Let's get the denominator first, since this is just a number:
$80 = \frac{ \frac{1}{3} \cdot (86 + 80 + 84 + 90) + \frac{2}{3} \cdot (f) }{ 200 } \cdot 100$

Multiply both sides by 200/100:

$160 = \frac{1}{3} \cdot (86 + 80 + 84 + 90) + \frac{2}{3} \cdot (f)$

$160 = \frac{1}{3} \cdot (340) + \frac{2}{3} \cdot (f)$

$480 = 340 + 2f$

$140 = 2f$

$f = 70$

So she needs to get a 70 on the final.

b) g = 90. Do the same thing. I get f = 100.

-Dan
• Jan 10th 2007, 12:54 PM
symmetry
ok
Do you we really have to use the fraction 1/3 to solve the question?

In other words, can we do it this way:

80 + 84 + 86 + 90 + x(2/3) = 90?

Can us the above set up to find what grade she needs to earn an A, which requires an average of 90?

Why is 1/3 needed to find the final exam score?
• Jan 10th 2007, 01:52 PM
topsquark
Quote:

Originally Posted by symmetry
Do you we really have to use the fraction 1/3 to solve the question?

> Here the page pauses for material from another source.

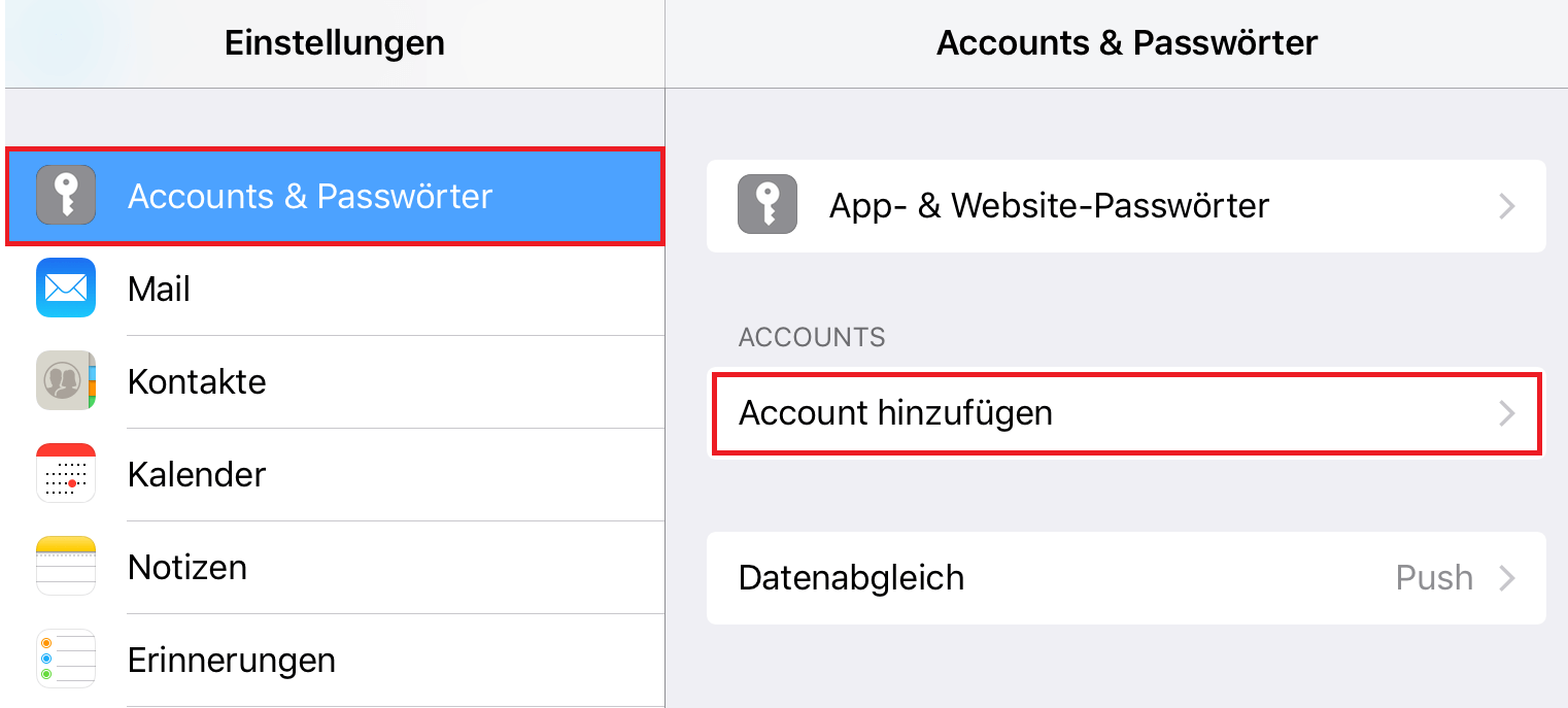 Schritt 1. Gehen Sie zu Einstellungen > Scrollen Sie nach unten und wählen Accounts & Passwörter.

In other words, can we do it this way:

80 + 84 + 86 + 90 + x(2/3) = 90?

Can us the above set up to find what grade she needs to earn an A, which requires an average of 90?

Why is 1/3 needed to find the final exam score?

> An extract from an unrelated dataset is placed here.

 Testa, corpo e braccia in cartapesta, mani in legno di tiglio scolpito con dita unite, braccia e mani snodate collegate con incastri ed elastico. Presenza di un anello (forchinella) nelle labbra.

Well technically we can set it up any way we want, as long as the final counts for twice what the sum of the other exams count. For example we can also write the grade formula as:
$g = \frac{1 \cdot (80 + 84 + 86 + 90) + 2 \cdot (f)}{1 \cdot (4 \cdot 100) + 2 \cdot (100)} \cdot 100$
where I have inserted the factors of 1 for clarity.

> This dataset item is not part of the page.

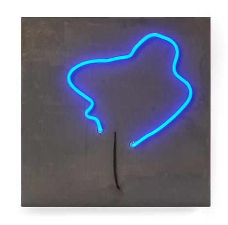 2546/517Gun Gordillo: "Balloni Blue", 2024. Signed, titled and dated on the reverse. Neon relief on lead board. 45 x 45 x 6 cm.

But generally the sum of the numerical factors (here 1 and 2, previously 1/3 and 2/3) are set such that they add to 1 as I had it in the original equation. I don't suppose there is a specific reason for this, just a habit to make sure the weighting factors are correctly calculated.

In case I didn't answer your question directly enough, the 1/3 is needed to "balance" the weight of 2/3 of the class that the final represents. If the final counts as 2/3, then the rest of the class only counts for 1/3 of the grade.

-Dan
• Jan 10th 2007, 03:42 PM
symmetry
ok
Dan,

I absolutely understand why you included 1/3 and 2/3.

Thanks.